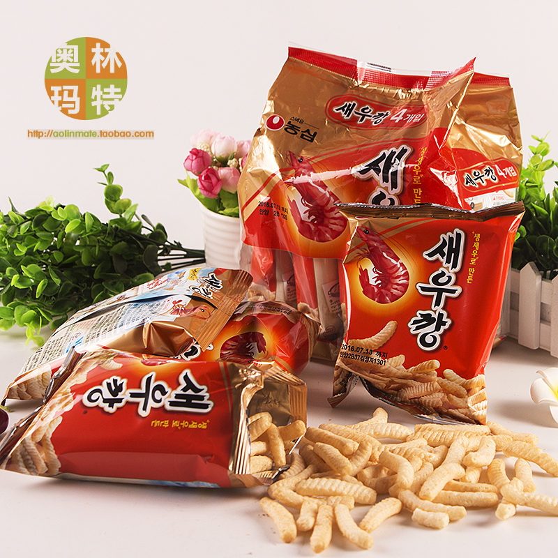 Korea Imports Zero Food Farm Hearts Fresh Shrimp Strips Original Taste 30g * 4 small packets of puffed casual snacks
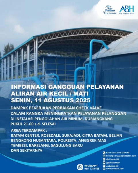 TRANSKEPRI.COM, BATAM - Air Batam Hilir menginformasikan, pelaksanaan pekerjaan perbaikan Check Valve di Instalasi Pengolahan Air Minum, Duriangkang yang bertujuan untuk meningkatkan pelayanan pelanggan dan akan dilakukan pada :
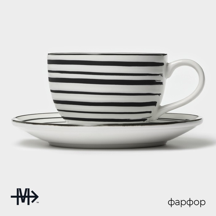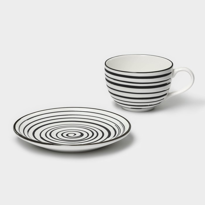 Чайная пара фарфоровая Magistro Hypnose, кружка 230 мл, блюдце 15,5 см

....

• Exercise objective
Give the data back exactly, omitting all pictures.

• Output below
 Korea Imports Zero Food Farm Hearts Fresh Shrimp Strips Original Taste 30g * 4 small packets of puffed casual snacks
 TRANSKEPRI.COM, BATAM - Air Batam Hilir menginformasikan, pelaksanaan pekerjaan perbaikan Check Valve di Instalasi Pengolahan Air Minum, Duriangkang yang bertujuan untuk meningkatkan pelayanan pelanggan dan akan dilakukan pada :
 Чайная пара фарфоровая Magistro Hypnose, кружка 230 мл, блюдце 15,5 см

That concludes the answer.